Flipping through Union newsletters from the 1940s and 50s, I revisited the union/blacklist chapter in Karl Cohen's "Forbidden Animation".

He recounts several moving stories of women and men who stood up to the House UnAmerican Activities Committee and were knocked down for it. Some, like P.D. Eastman went on great success after a few years of hardship.

The stories of Hollywood "turncoats" are well reported, right down to the continued controversy of Elia Kazan's Lifetime Achievement Oscar.

Still, even a loudmouth like me wonders how such a situation would play out today.

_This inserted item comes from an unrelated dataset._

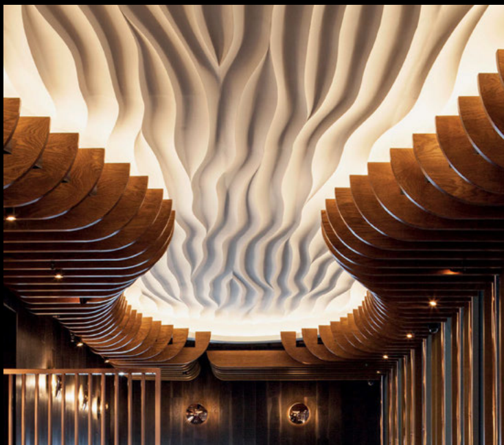
Haz Restaurant, London Lighting design by Nulty

Would we have the courage to stand against petty tyrants, even with a simple gesture like Bertolt Brecht's who politely answered their questions, implicating no one, with an airline ticket visible in his front pocket.

This led me to finally pull down Tom Sito's "Drawing the Line" from the shelf.

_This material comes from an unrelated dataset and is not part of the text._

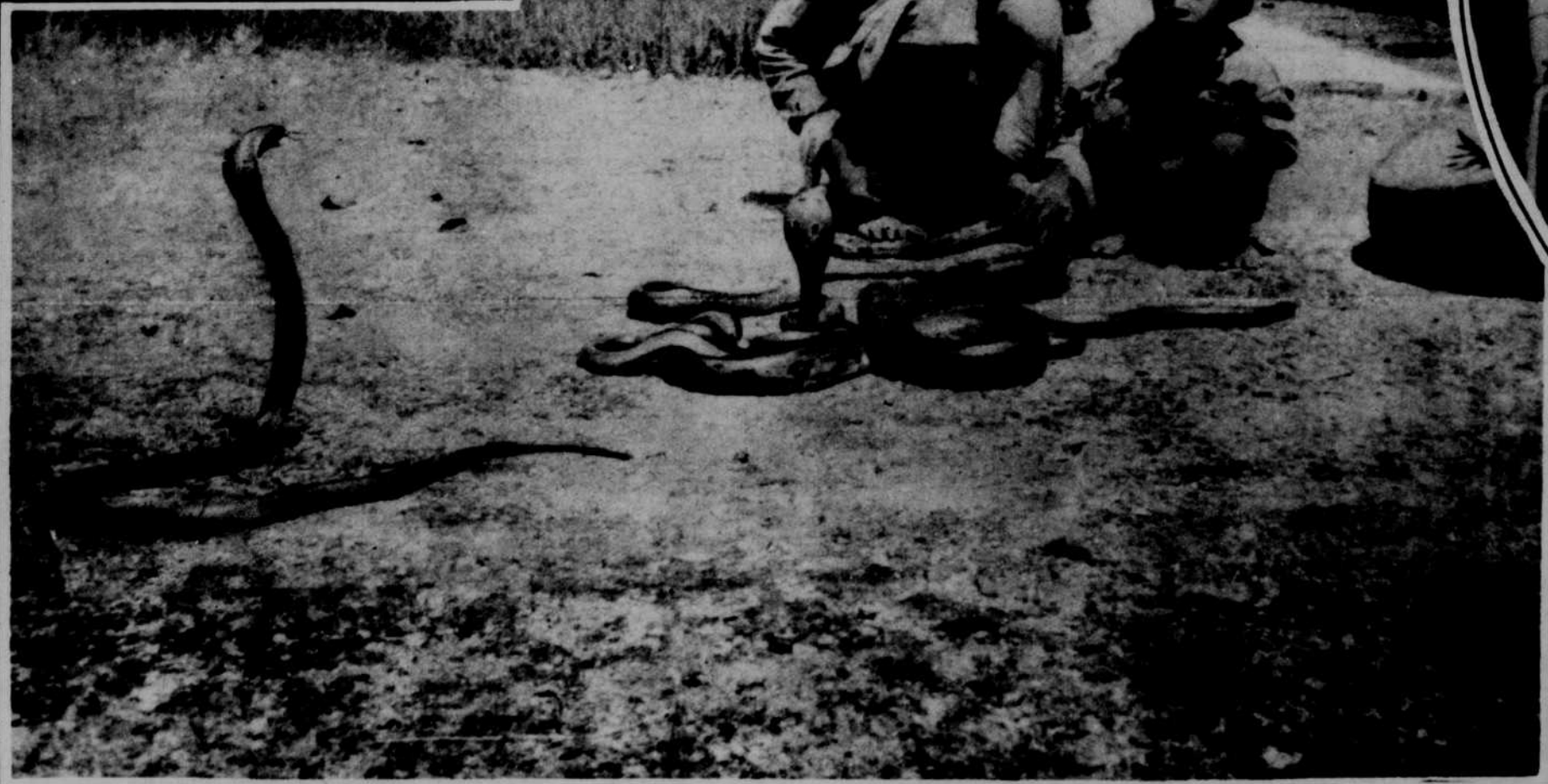
Teaching the young idea how to snake charm. Hindu snake charmer giving his son his morning lesson in the gentle art of snake-charming utilizing three deadly King Cobras and two common grass snakes, harmless, to illustrate the fine points of the lecture. The youngster feeling uncomfortable at the approach of one of the cobras grasped his father's arms to the dissatisfaction of the head of the house. The picture was taken in Allahabad, India.

Its an invaluable book, and recounts a criminally underrepresented story in the history of our field.

There are major shortcomings, it devolves into a corporate history of the Disney Corporation and Hollywood internecine struggles with little regard for the labor issues involved. Even so, its a well researched, strongly documented work by a man who really knows his stuff.

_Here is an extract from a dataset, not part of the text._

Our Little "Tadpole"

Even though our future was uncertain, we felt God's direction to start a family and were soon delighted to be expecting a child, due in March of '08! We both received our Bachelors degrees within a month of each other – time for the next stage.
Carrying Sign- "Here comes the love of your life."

When I started at The Ink Tank, Ed Smith, Tissa David and Sarah Calogero were still in the union. Local 600 Cameraman's Union. For years they had been part of 841, Motion Picture Screen Cartoonists. The details I don't remember, but I get the feeling the whole operation slowly fizzled out of disinterest.

Like the Blacklist, I wonder what the repercussions of a unionized New York would be.

This is a shortcoming of Tom's book, he doesn't go into post-UPA era in New York City. I believe a study of this era would show how the union functioned (both positively and negatively) and illuminate how it could work today.

I doubt we would be able to function under a union contract. Our productions aren't arranged according the Henry Ford/Walt Disney factory system. An artist will be painting one day, inbetweening the next, then compositing, painting a background, then animating all in one week. Surely, the shop steward would have a lot of reporting to do.

But there are situations in New York (so I hear) that would greatly benefit from a little worker solidarity. Studios who train cameras on their employees, fire artists for missing unpaid production meetings, and paying employees as independent contractors (which is also a violation of Federal and State Labor Law).